Bronx Lab School prides itself on promoting students’ ownership of their own learning through inquiry-based classrooms, teaching Habits of Mind, and using a mastery-based grading system.
Student-centered inquiry is the bedrock of the curriculum and teaching approach at Bronx Lab School. Teachers develop questions that spark curiosity and drive students to read, write, think, share, explore, solve, create, collaborate, present, question, defend, negotiate, compromise and reflect. Inquiry is a meaningful process that facilitates deep understanding rather than standardized, rote responses.
Habits of Mind
The Habit of Mind are the foundation for inquiry-based learning at Bronx Lab School.
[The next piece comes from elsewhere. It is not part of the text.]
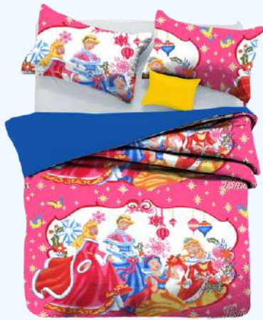
Code : PediaBedLinen- 066

Teachers promote awareness of the five Habits of Mind in class daily to prepare students for higher education and participation in society:
- Analyzing Evidence: support a given viewpoint and examine various forms of evidence
- Multiple Viewpoints: see an issue from different perspectives
- Intellectual Curiosity: think critically about the world around them and ask, “why?”
- Taking Creative Risks: step outside your comfort zone to try or explore something new
- Metacognition: reflect on your own learning
The Bronx Lab School community uses mastery-based grading (MBG) to guide all students to achieve the highest academic standards. We understand that grades are not used to punish or reward but to fairly measure student progress and growth towards meeting learning standards. Staff consistently implement multiple assessments that give students opportunities to meet and exceed the standards. Mastery-based grading builds skills in students that allow them to reflect on their growth and progress towards mastery.
MBG is a school-wide form of assessment that focuses on what a student is learning, shown by demonstrations of content knowledge and skills through student work. Students are assessed on Learning Standards, which are the goals and expectations of what each student should be able to do, know and understand over a given period of time.
Grades represent the progress that students have made toward mastering the skills and content outlined for the course. Teachers break long-term learning standards into supporting standards that help scaffold students’ progress. Assessments are then linked with the supporting standards to build a “body of evidence” that provides information about a student’s progress toward meeting the long-term standard.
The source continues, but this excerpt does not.